Last Updated on September 30, 2020 by rob
15 years after the expiration of South Korea’s Statute of Limitations, after which a criminal can no longer be legally charged with his crime, the handsomely boyish Lee Du-seok publishes his autobiography in which he confesses to the murder of 10 teenage girls in such detail his guilt appears unarguable. Watching with impotent rage is Detective Choi (Jeong Jae-yeong), the cop who once nearly caught the killer, plus assorted parents of the murdered children who together hatch an intricate plan to abduct Lee Du-seok from under the nose of his bodyguards and exact gruesome revenge.
In fact the above synopsis doesn’t even cover the first act and what subsequently transpires after Du-seok challenges Detective Choi to a live television debate features some gobsmacking plot twists that upend everything we’ve been led to believe. This South Korean genre smash has more twists than the proverbial twisty thing. And if that’s all this had going for it Confession of Murder would be easy to dismiss as just business as usual. You know, flashy and gimmicky but otherwise unremarkable.

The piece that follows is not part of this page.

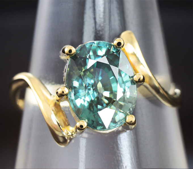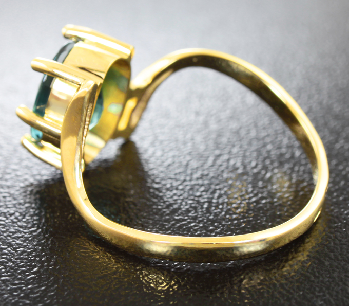 Вашему вниманию предлагается кольцо из желтого золота 585 пробы с цирконом цвета морской волны! Площадка 11 х 9 мм, высота 6 мм. Вес изделия 2,9 г Размер 17,75. Ниже приводятся ювелирные характеристики вставки.

But the film infuses its revenge plot with a powerful emotional undercurrent, some truly jaw-dropping action scenes (especially a dazzlingly choreographed cat and mouse game between Lee Du-seok and his abductors on the bonnet of Detective Choi’s car as it barrels down a motorway at 70mph!) and such a playful sensibility with the material it’s hard to resist.
Each of the parents, led by Kim Young-ae’s scarily intense Mother, gets their moment to shine and Byeong-gil’s script is especially clever in the way it only slowly parcels out the links between Detective, vengeful parents and victims, deepening the web of connections between all the characters but only revealing the full picture right at the end. It’s an indication of the strength of this hugely entertaining pic that key scenes carry even more power once one reflects back on them. For example, when the bereaved parents kidnap Lee Du-seok, Detective Choi quickly acts to rescue him from their clutches, a move that seems downright baffling given his hatred of a killer he not only failed to catch 15 years earlier, but who left him with an ugly knife scar down his face for his trouble.
You’d think Choi would want this scumbag dead just like they do. But by the time the full picture is revealed you realise just why Du-seok had to be rescued and it’s not at all what you might at first suppose. There’s no Grand Statement in Confession of Murder but the thrillingly visceral action sequences and insane plotting (the killer is one nasty, sneering piece of work with a personal connection to the tormented Detective Choi concealed until late in the game) are matched by a depth of emotion from the characters that pulls you in really deep. The final scene in which a certain character (no clues!) is released from prison to be warmly welcomed by what seems like virtually the entire cast embodies the power of this movie; it’s depiction of people shattered by evil yet finding in each other the strength to fight back and win through. Great stuff.